The Story of Janghwa and Hongryeon (1972)

14th July 2010

story of janghwa hongryeonI received an order of DVDs yesterday that consisted entirely of the recently released movies of the 60s and 70s that I posted about here. The student in my house, probably tired of preparing for a graduate class, suggested we watch one. I let him pick and he chose Janghwa and Hongryeon.  That probably would not have been my first choice.  Don’t get me wrong, horror is one of my favorite genres, but this film is directed by Lee Yu-seob. In my opinion, he is not one of the better directors of the period. I had previously seen My Sister’s Regrets (1971), a ghost story like this one,  and Sister (1973) one of the worst of the 70s films I have seen. It was overwrought melodrama that constantly strove the make the viewer cry and constantly failed because all the characters were so bland I couldn’t care what happened to them. I think the running time of Sister was something like 70 minutes but it felt like the movie would never end.  Fortunately, Lee does a little bit better with The Story of Janghwa and Hongryeon…but there was a lot of room for improvement.

The story is a classic Korean tale that takes place sometime in the Joseon period and the movie more or less the traditional plot.  Janghwa and Hongryeon are sisters.  Their mother had passed away and their father had remarried Mrs. Heo.  Heo is only interested in her new, wealthy husband’s riches which she wants for herself and her son, Jang-swe whose is mentally challenged and easily controlled by his scheming mother. Heo’s first step towards securing the potential inheritance for her son is to turn the girl’s father against Janghwa, the family favorite.
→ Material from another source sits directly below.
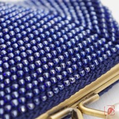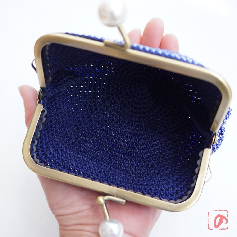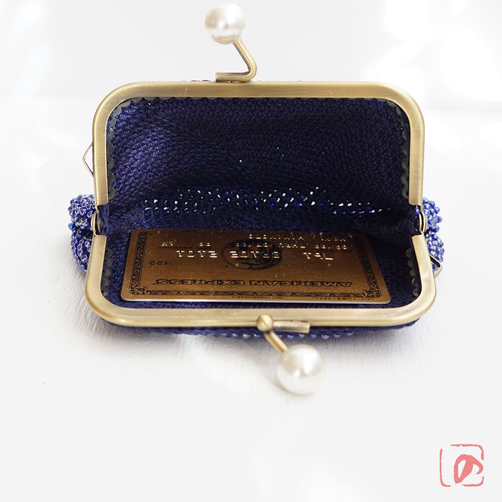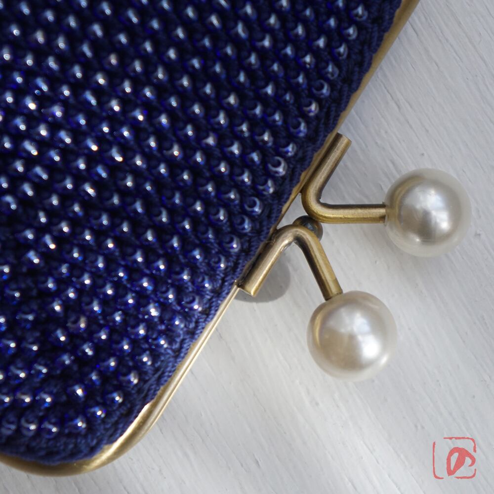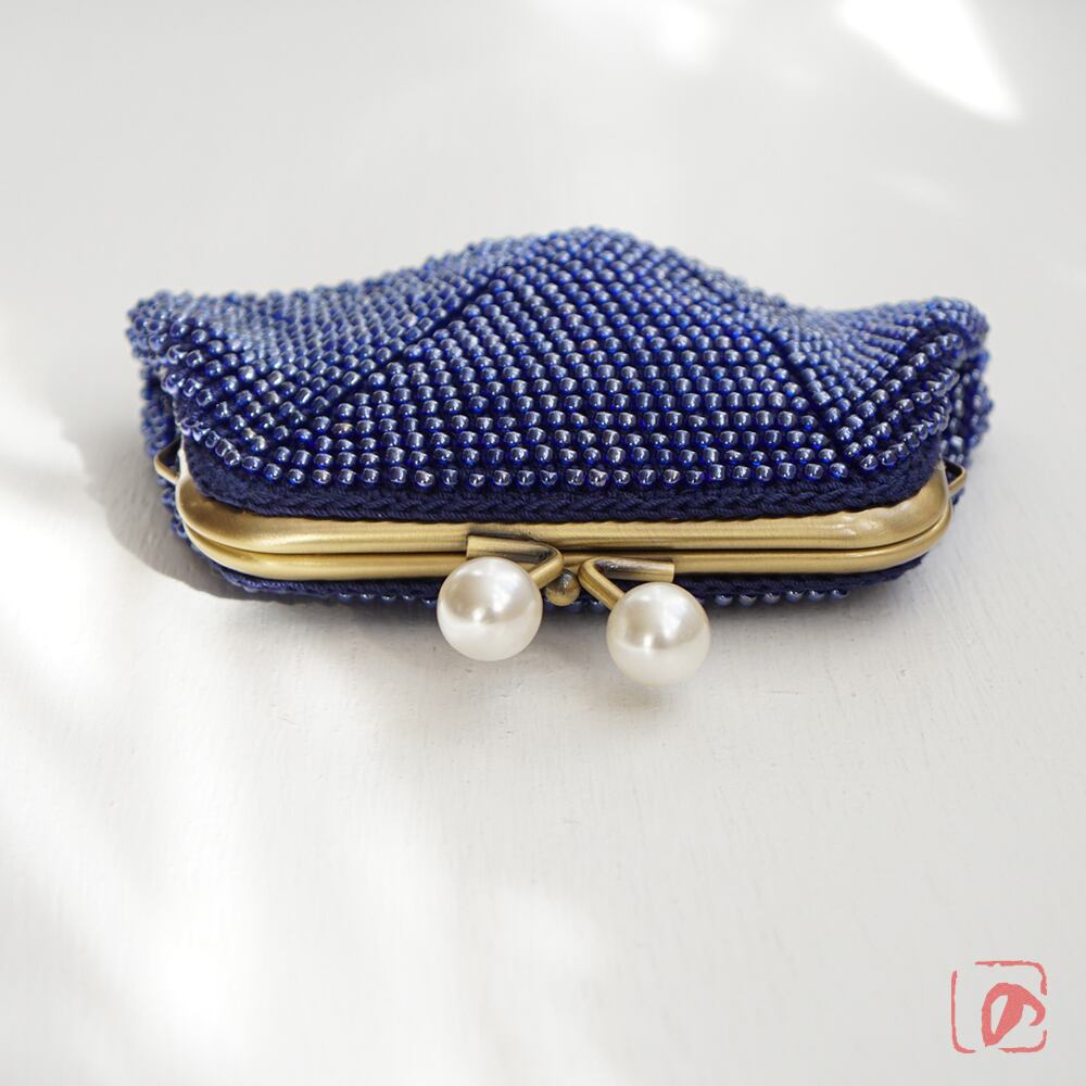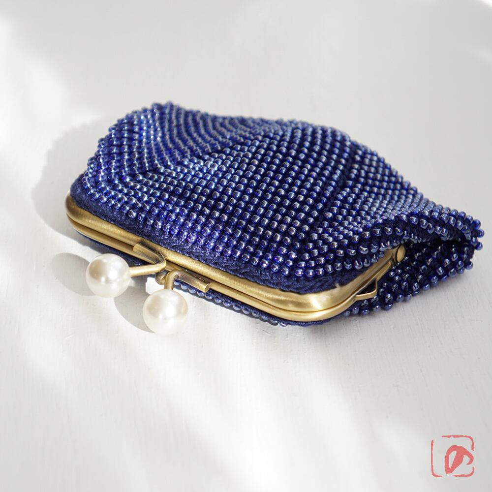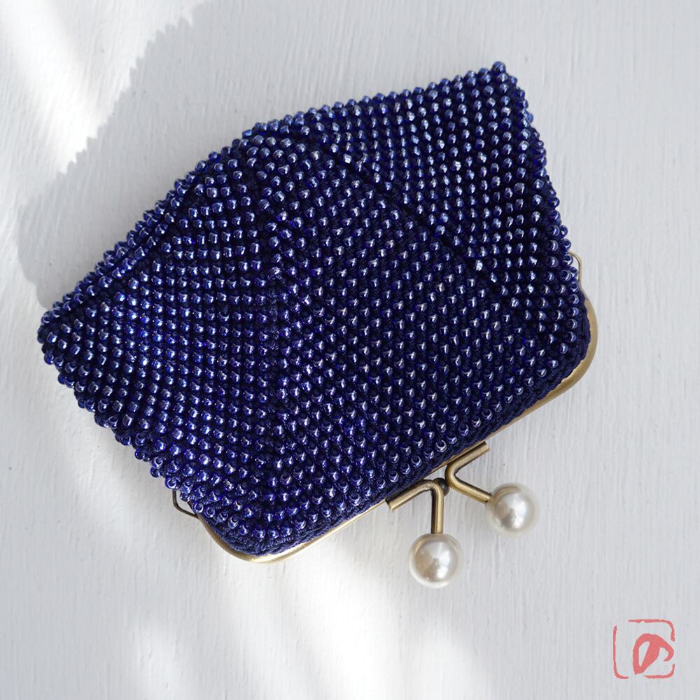 ばあば作☆大きめ・総ガラスビーズのスクエアがま口(blu scuro・1598)

To this end, she has Jang-swe catch and skin a rat and leave it in Janghwa’s bed in the middle of the night. She then awakens her husband on the pretense of hearing a man in the girls’ shared room and then convinces him that the bloody remains of the rat actually belong to an aborted child.  Janghwa’s father is furious that his daughter is not chaste and throws her out of the house. Jang-swe leads her away on horseback to a cliff and then informs Janghwa that he is under orders to kill her. Although he is brandishing a dagger, it seems unlikely he could actually carry out his mother’s plan, but Janghwa, shamed beyond bearing, opts to jump from the cliff on her own accord. A ghost is seen around the village and Heo convinces the family with the help of a dishonest mystic that it is attached to Hongryeon. The young girl is tortured under the guise of exorcism and she is drive mad. Searching for her sister, Hongryeong wanders into the pool at the base of a waterfall and drowns. It would seem that Heo has won except the ghosts of the girls appear to their father and a local magistrate and haunt them until Heo is brought to justice.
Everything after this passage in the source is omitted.